You can simulate a 4000bp jump library from your existing data like this (using BBTools):

cat assembly1.fa assembly2.fa > combined.fa
bbmap.sh ref=combined.fa
randomreads.sh reads=1000000 length=100 paired interleaved mininsert=3500 maxinsert=4500 bell perfect=1 q=35 out=jump.fq.gz

That may not help much, since it is only recycling information that is already present in your assemblies, unlike a real jump library.

The orientation will come out forward/reverse; if you need them in a different orientation you can reverse-complement one or both reads with the associated "reformat.sh" tool.

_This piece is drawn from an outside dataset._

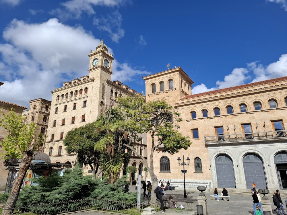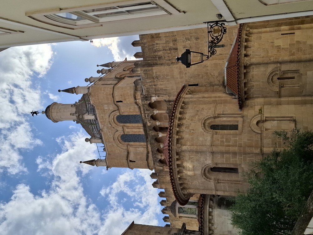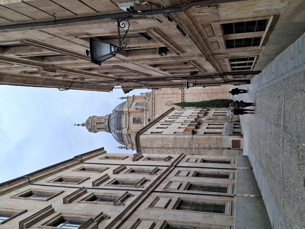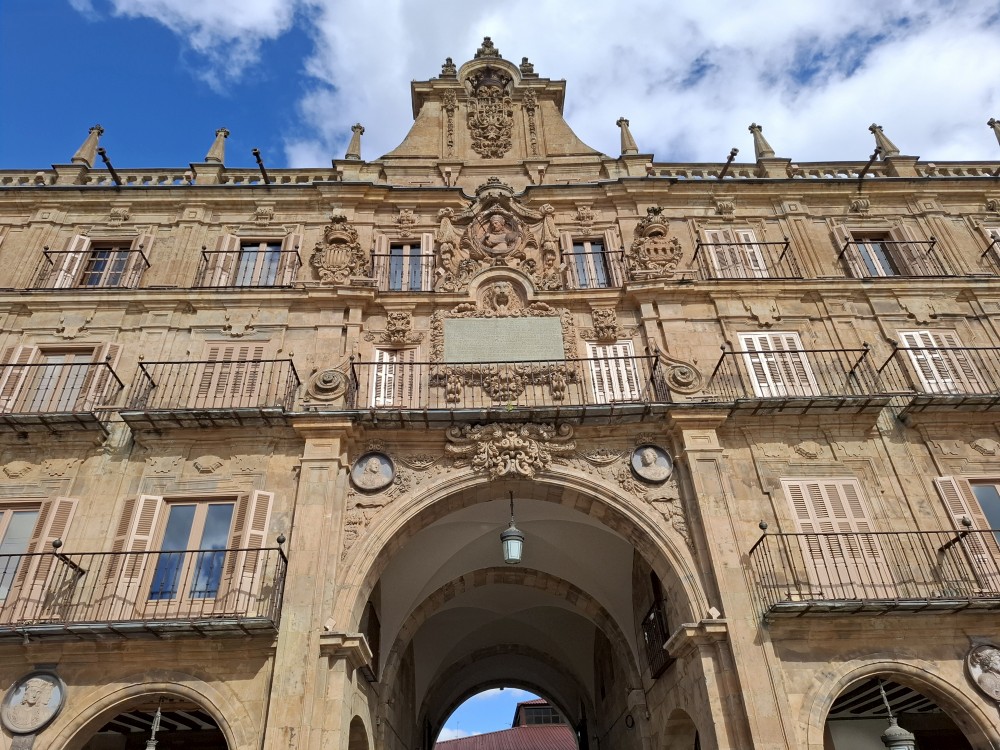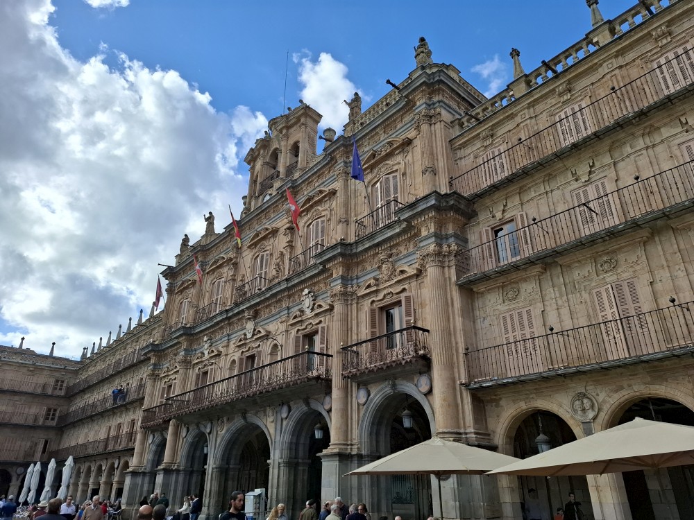 Na apartmánu se moc dlouho nezdržujeme, vyrážíme na průzkum Salamancy. Je zataženo, občas deštivo, ale začíná se to protrhávat a vidíme i slunce, takže ideální. Jdeme nejdříve ke kostelu Iglesia de San Marcos a odtud pokračujeme po pěší třídě Calle de Zamora přes Plaza los Bandos na hlavní náměstí Plaza Mayor.

**mjm** · 03-27-2015, 08:49 AM

Hi Brian,

Thanks a lot for your answer!
I'm trying to run BBMap but I get the following error message:
==
mjm@mining:~/sequence_assembly/bbmap> bbmap.sh ref=A.fa
java -Djava.library.path=/home/mjm/sequence_assembly/bbmap/jni/ -ea -Xmx39107m -cp /home/mjm/sequence_assembly/bbmap/current/ align2.BBMap build=1 overwrite=true fastareadlen=500 ref=A.fa
Executing align2.BBMap [build=1, overwrite=true, fastareadlen=500, ref=A.fa]

BBMap version 34.72
Retaining first best site only for ambiguous mappings.
No output file.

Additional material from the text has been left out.